Hummus Bowl

Packed with protein-rich chickpeas, creamy avocado, and crunchy vegetables, this dish is as satisfying as it is nutritious. The sweet and savoury combination of roasted sweet potato, red cabbage, and a hint of chili adds a burst of flavour to the creamy hummus base. This bowl is perfect for a light lunch, a hearty dinner, or a healthy snack.
Ingredients and Method
Ingredients
- For the hummus:
- 1 cup cooked chickpeas
- 3 tbsp tahini
- 2 tbsp lemon juice
- 2 tbsp olive oil
- 2 cloves garlic (minced)
- 1/4 tsp ground cumin
- For the toppings:
- 1 medium sweet potato (small cubes)
- 1/2 avocado (sliced)
- 1/4 red cabbage (shredded)
- 1 carrot (shredded)
- Handful dried chilli flakes
Method
- Prepare the sweet potato: Preheat oven to 400°F (200°C).

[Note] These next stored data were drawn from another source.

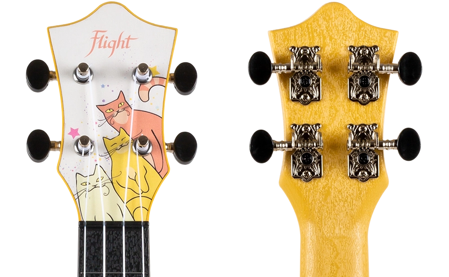All Flight ukuleles feature a carefully-designed headstock fitted with geared tuners that make it easy to keep your ukulele in tune. The headstock veneer is made of linden and matches the soundboard.
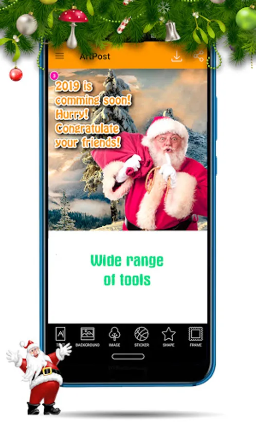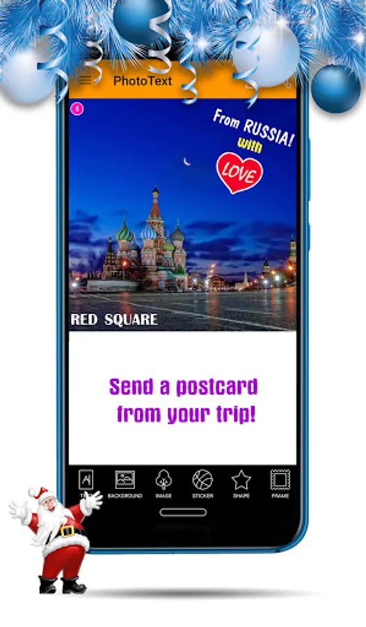 π Our application is designed to quickly, easily and beautifully create a postcard or post. It is very easy to use and in just a few minutes will help you create a unique post or card to congratulate all your loved ones with the coming Christmas, new year, birthday, Valentine's day, wedding anniversary or birth of a child.
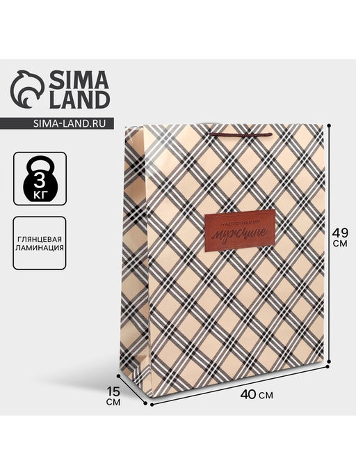 • Пакет подарочный ламинированный, упаковка, Настоящему мужчине, XL, 40?49?15 см
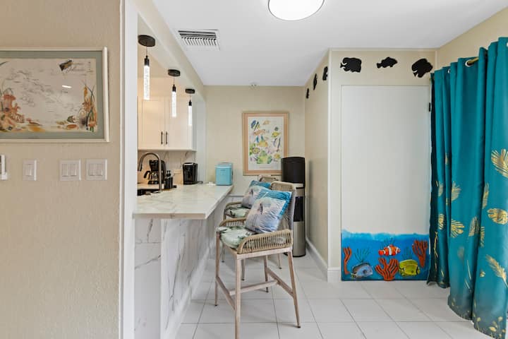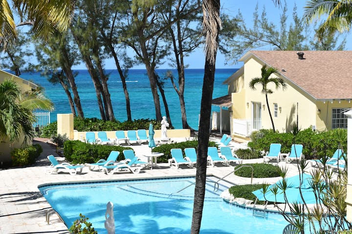 Замислете да се разбудите со нежната симфонија на океанските бранови, нивните ритмички шепоти кои ве успиваат во состојба на спокојно блаженство. Влезете во вашиот приватен поплочен двор, каде што соленото ветре ја бакнува вашата кожа и тиркизниот простор на Карибите бескрајно се протега пред вас. Ова е вашето ново засолниште - неодамна реновирана вила со 2 спални соби и 2 бањи на плажа, сместена на една од највпечатливите плажи во светот, веднаш до луксузниот резорт Four Seasons на Парадајз Ајленд. Добре дојдовте во вашето парче рај по пристапна цена.
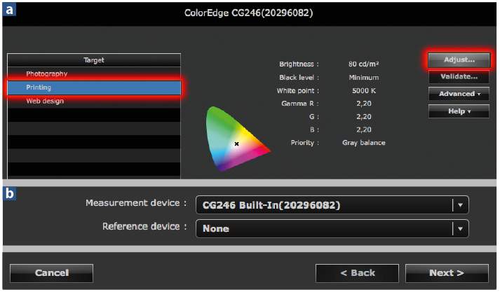 Nach dem Start der ColorNavigator-Software müssen Sie ein Target für die Monitorkalibrierung wählen (a). Da es hier um die Abstimmung auf den Drucker geht, klicken Sie auf das vordefinierte Target »Printing«. Mit einem Mausklick auf »Adjust« geht es weiter. ColorNavigator unterstützt die verbreiteten Farbmessgeräte von Datacolor und X-Rite, aber der EIZO ColorEdge CG246 braucht kein externes Messgerät. Am unteren Bildschirmrand verbirgt sich ein Sensor, der optimal auf den Bildschirm abgestimmt ist, und diesen wählen Sie nun im Menü »Measurement device« aus (b). Klicken Sie auf »Next«, um die Messung zu starten (c).

Toss sweet potato cubes with a little olive oil, salt, and pepper. Roast for 20-25 minutes until tender.
- Make the hummus: In a food processor or blender, combine 1/2 cup of chickpeas, tahini, lemon juice, olive oil, garlic, cumin, paprika, salt, and pepper. Blend until smooth. Adjust seasonings to taste.
- Assemble the bowl: Spoon hummus into a bowl. Top with roasted sweet potato cubes, sliced avocado, shredded red cabbage, shredded carrots and chickpeas.
- Finish: Sprinkle with chilli flakes to taste.
- Optional: For extra flavor, you can add a drizzle of olive oil and a squeeze of fresh lemon juice to the finished bowl.